On March 26, the South Korean corvette Cheonan -- a 1,200-ton warship with a crew of 104 -- exploded and sank off the South Korean island of Baengnyeong in the Yellow Sea near the western end of the 1953 North-South truce line. Forty-six of the crew were killed.
When the ship sank -- apparently a result of a North Korean torpedo attack -- it should have taken with it President Obama's efforts to revive the "Six Party Talks," the long-running effort to negotiate North Korea's cessation of its nuclear program. North Korea is a principal proliferator of advanced missiles and nuclear technology, selling to any customer with hard cash.
About two weeks after the ship sank, President Obama was apparently willing to overlook the incident. On April 13, he predicted that North Korea's choice of "isolation" from the international community would result in sufficient pressure to drive it back to the bargaining table. Obama predicted, "…we'll see a return to the six-party talks and ... we will see a change in behavior." That change is not in evidence.
The ship sank in roughly the same area in which North and South Korean ships exchanged fire in November 2009, an incident in which two North Koreans were killed. Was the Cheonan attacked by a North Korean ship -- a submarine or even, as one press report said, man-guided torpedoes in a suicide attack -- or was it destroyed in an accident?

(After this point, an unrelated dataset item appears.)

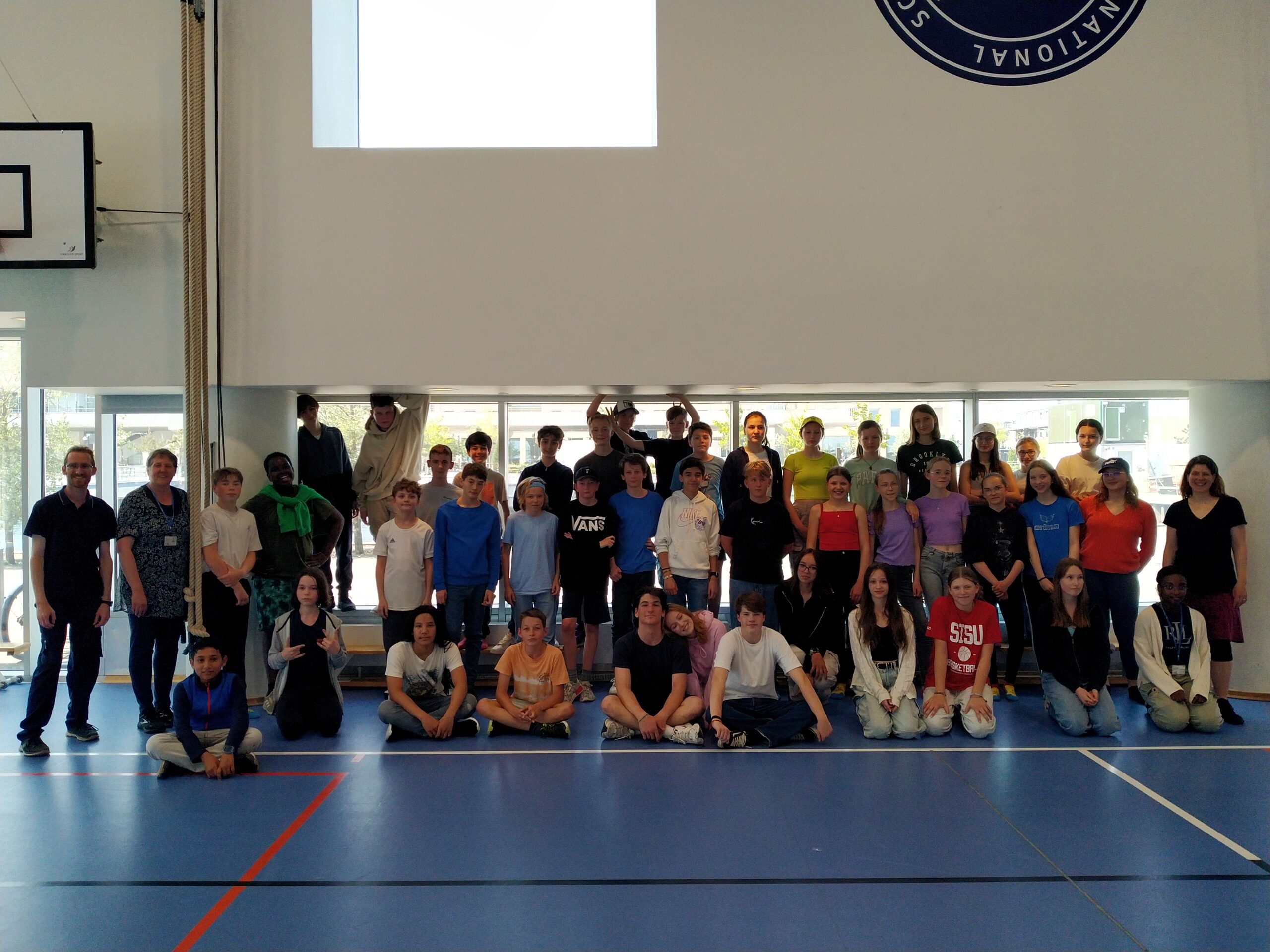 Nach dem Mittagessen spielten wir noch in der Turnhalle Dodgeball, das ist so ähnlich wie Völkerball. Das hat Riesenspaß gebracht. Nach zwei Runden machten wir noch ein Gruppenfoto und mussten uns dann auch leider wieder verabschieden.

First reports speculated that the ship hit an unrecovered mine left over from the Korean War. Since the ship's wreckage was recovered, examination of the damage has led to the conclusion that the explosion occurred outside the hull. And as one news report said Friday, pieces of aluminum which are not from the ship were found in or near the wreckage. Virtually all torpedoes are made with aluminum parts to reduce weight and resist oxidation.
North Korea has denied responsibility, but South Korea has determined that the ship was attacked, probably by a North Korean submarine. The South Korean Yonhap news agency reported Saturday that South Korean Defense Minister Kim Tae-young, in remarks pre-recorded for Sunday broadcast, blamed North Korea and demanded punitive action. The report quotes him as saying, "I believe a punitive action of any form should be taken against perpetrators who killed our soldiers. Those responsible for the deaths of the soldiers should pay the price."
A later Yonhap report, apparently seeking to tone down the rhetoric, quoted an unnamed government official saying that the aluminum debris might have come from the ship, which is quite possible. Combatant ships also have many aluminum parts. (The British destroyer Sheffield was sunk in the 1982 Falklands War with Argentina after Exocet missiles hit, setting its aluminum superstructure afire.)
If the North Koreans are responsible for the sinking of the Cheonan, it is the bloodiest incident since the 1953 truce. But the cause of the sinking may never be proven. There's no team from "CSI Seoul" to prove a North Korean torpedo sank the ship. So what can South Korea do?
In this case, not much.
Any military response -- perhaps an air raid on a North Korean naval base -- risks disproportionate responses from nuclear-armed North Korea. Kim Jong-il's government is one of the most reckless and unpredictable in the world. It regularly provokes the U.S., South Korea and Japan to leverage concessions in the "Six Party Talks." The attack on the Cheonan could not have been made without Kim's personal approval.
Russia and China will bar further sanctions against the North Koreans in the UN, and the only other diplomatic route available to South Korea would be to boycott the Six Party Talks, which will put them at odds with Obama.
China is the key to North Korea, its client state. But China is also Obama's banker: its willingness to buy U.S. debt is a key to sustaining his spending spree and government expansion.
It is South Korea, not its belligerent northern cousin, that is isolated. The sinking of the Cheonan will only delay further U.S. concessions to North Korea to buy its re-entry into the Six-Party Talks. It will not prevent them.
South Korea's isolation, just like Israel's in the face of the threat of nuclear-arming Iran, is a direct result of Obama's foreign policy, his unwillingness to stand with our allies against existential threats.
As former Secretary of Defense Donald Rumsfeld is fond of saying, weakness is provocative. The kakistocracies that govern North Korea and Iran agree, and act.